This article is about the Interim Committee and its decisions. For post-war debates, see Debate over the atomic bombings of Hiroshima and Nagasaki. Hawkeye7 (talk) 20:44, 16 February 2016 (UTC)[reply]
then article could discuss composition and exclusion of military leaders who were more aware of military strategy and war ramifications rather than chicken hawk civilians, as item on jurys can talk selection and Voir dire. Juror1 (talk) 01:23, 24 February 2016 (UTC)[reply]

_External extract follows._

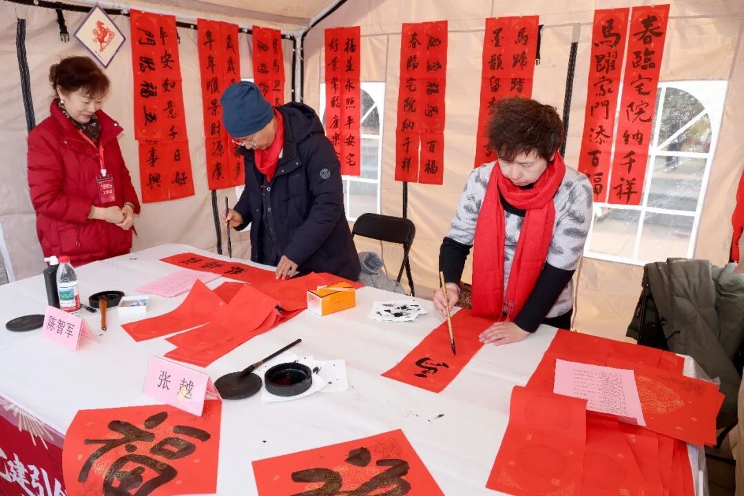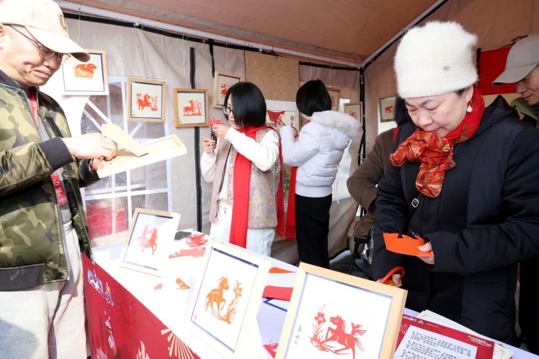 传统文化体验区最受青睐。市级书法家协会的老师和社区书法爱好者们现场挥毫泼墨,免费为市民书写春联和“福”字,“骏马奔腾迎福至”“马跃家门添百福”等佳句跃然纸上,红纸墨香间年味十足。非遗剪纸传承人现场教学,剪刀翻飞间,一幅幅寓意吉祥的马年生肖剪纸栩栩如生,吸引了许多家庭参与。

The article discusses the composition of the Interim Committee. It was not specifically charged with making recommendations on the military use of nuclear weapons but the composition of the committee and the close relationship between the wartime use of nuclear weapons and post-war policies regarding them inevitably led to the Interim Committee's involvement. The Target Committee that met at Los Alamos on 10-11 May 1945 included Brigadier General Thomas Farrell, Colonel L.E. Seeman, Colonel William P. Fisher and Captain William S. Parsons USN, along with scientists Joyce C. Stearns, Richard Tolman, Robert Oppenheimer, Charles Lauritsen, Norman Ramsey, John von Neumann, Robert R. Wilson, William G. Penney and David M. Dennison. As the article notes, there was a movement at the time for nuclear weapons to be placed under civilian control. Hawkeye7 (talk) 02:23, 24 February 2016 (UTC)[reply]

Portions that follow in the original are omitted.